How Wendy Jacobs raised her 5 kids to be happy and independent

How Wendy Jacobs raised her 5 kids to be happy and independent
PHOTO: The Singapore Women's Weekly

Wendy Jacobs is one powerhouse mum we can't help but admire.

The South African former model, who's married to football legend Fandi Ahmad, is a mum to five: Irfan, 20, Ikhsan, 18, Iman, 17, Ilhan, 14, and Iryan, 11.

Managing five kids is no easy feat, so we asked Wendy for her top parenting tips and secrets to raising happy, well-adjusted children.

1. Start your family as early as you can

Wendy first became a mum at the age of 22, and has no regrets starting her family at that age.

"I would say to anyone who's considering having a baby but is hesitating because of her career, just have your baby first," she says.

"Don't doubt yourself; it is possible to juggle work and a baby, if you have the right help"

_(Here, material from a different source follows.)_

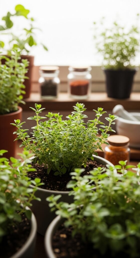 Marjoram, similar to oregano but milder, fits annual herbs lists for seasoning meats, soups, and vegetables. Its compact form suits containers nicely.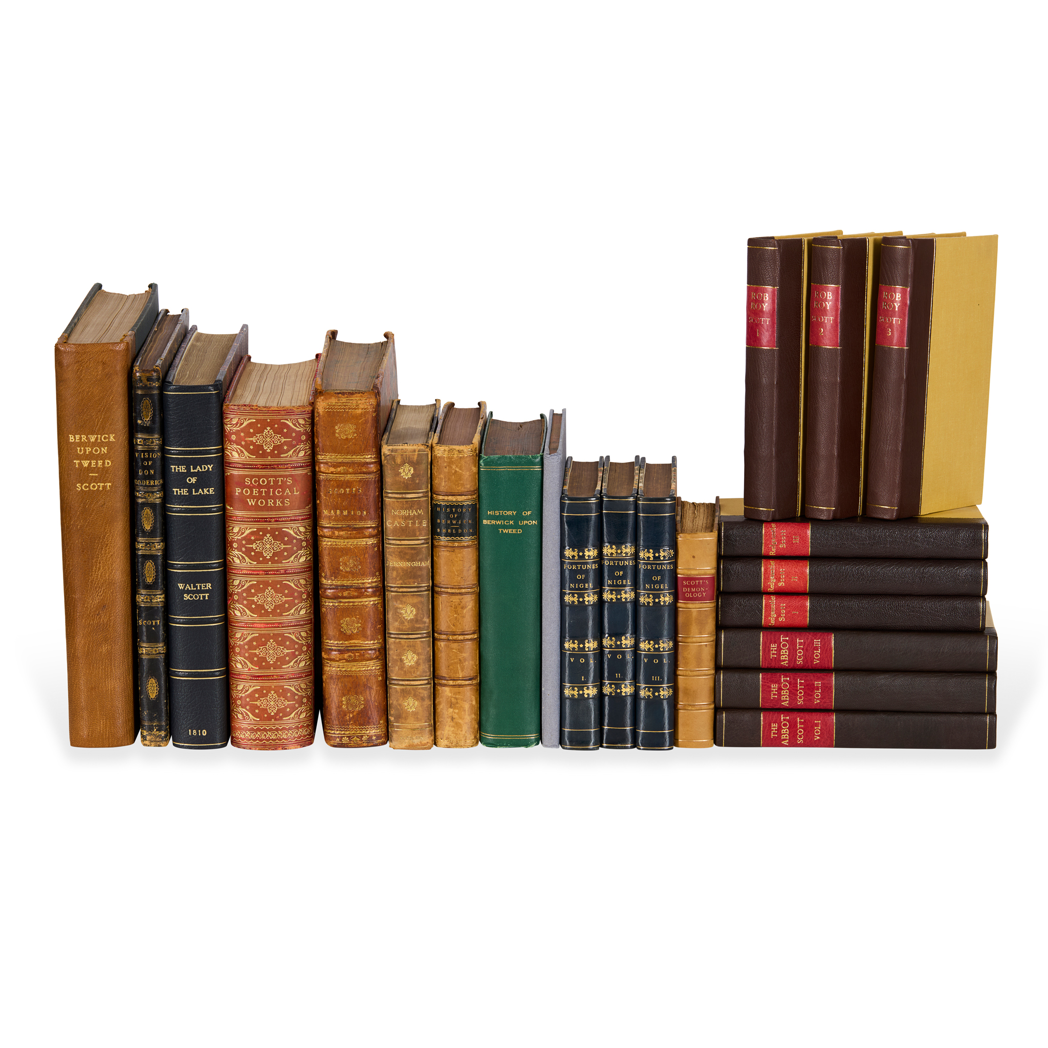 Together with 14 others (these not collated), nearly all Walter Scott first editions (The Lady of the Lake, 1810, 4to, modern quarter morocco; The Vision of Don Roderick, 1811, 4to, contemporary black half morocco; The Fortunes of Nigel, 3 volumes, 8vo, modern blue half calf; and similar) or antiquarian works on Berwick-upon-Tweed (23)

"I appeared on the cover of The Weekly with baby Irfan in 1997 because I wanted to show women that you could have a baby and still have a career, and look beautiful."

2. Don't give up your career completely for your kids

"Giving up your freedom for your child is like staying in a loveless marriage for the sake of your child," says Wendy.

"If you need to take a year or two off to spend time with your kids, that's fine, but remember it's hard to return to the workforce if you've been away for too long. Try freelance or part-time work, so you can keep your skills fresh."

"When Irfan was born, I used to bring him everywhere; to shoots, to the shops, and so on," says Wendy, who also used to run a children's clothing boutique.

3. Teach your children discipline and limits

"I am a strict mum; I do not spoil my kids at all. I almost never bought them toys; most of their toys were gifts from friends and family."

It's important to have a routine for children; my kids all ate dinner at 5pm, and were in bed by 8.30pm. Even now, when they're grown up, they still follow a similar routine because it's become habit"

4. Train your kids to be independent from a young age

"My kids were all easy to look after because they followed a routine, and were taught to play by themselves," says Wendy.

"Don't carry your kids all the time; they must be given the freedom to fall and knock their heads once in a while. If your kid is old enough, let him walk on his own when he's out, or wheel him in the stroller if he's tired."

5. Give them time and space to discover themselves

Wendy's oldest sons Irfan and Ikhsan went to study in Chile's Universidad Católica to further their football training in 2013.

Her third son Ilhan is now pursuing his professional football dreams by studying at Queen Ethelburga's College in York, UK.

Meanwhile, daughter Iman is on a gap year from school, working part-time at a hairdressing salon and taking on modelling jobs.

"Of course I missed my boys when they went overseas, but I also knew they had to go and pursue their dreams," says Wendy.

"You can't stifle your kids by holding them back from their ambitions. A lot of people ask why I let Iman take a break from school, but to me, school is always going to be there. This is a time for her to discover who she is, and what she wants to do."

6. Treat your helper well

"Having a maid can be a great help, but don't overload them by making them do everything," says Wendy.

"Even now, when I have a maid at home, I clean my own room, and if I see she's busy with the cooking, I'll take care of the kids."

"I believe maids must be given the freedom to run the household; don't just tell them, 'Don't let the child do this and that.' Give them some autonomy, and trust them to do their work.

7. Look after yourself

Wendy understands the importance of rest.

She was struck with a mysterious illness in 2008 that left her wheelchair-bound for over a year.

She suffered seizures and a near-fatal cardiac arrest, and admits she still has health issues once in a while.

"I do have bad days when I need to be in hospital, or I need a break, and then the children understand that I can't be there for them. But the illness has made me thankful for my family, who've supported me through that rough time."

8. Make family time count

With the family's super-busy schedules, Wendy says it's almost impossible to have the whole family together, except on special occasions like Hari Raya.

So the time they do have together becomes very precious.

"It's quality over quantity," she says.

"Whenever we have meals together or are able to go away on holiday, we really enjoy ourselves because we know how hard it is to get everyone in one place. These moments are precious to me."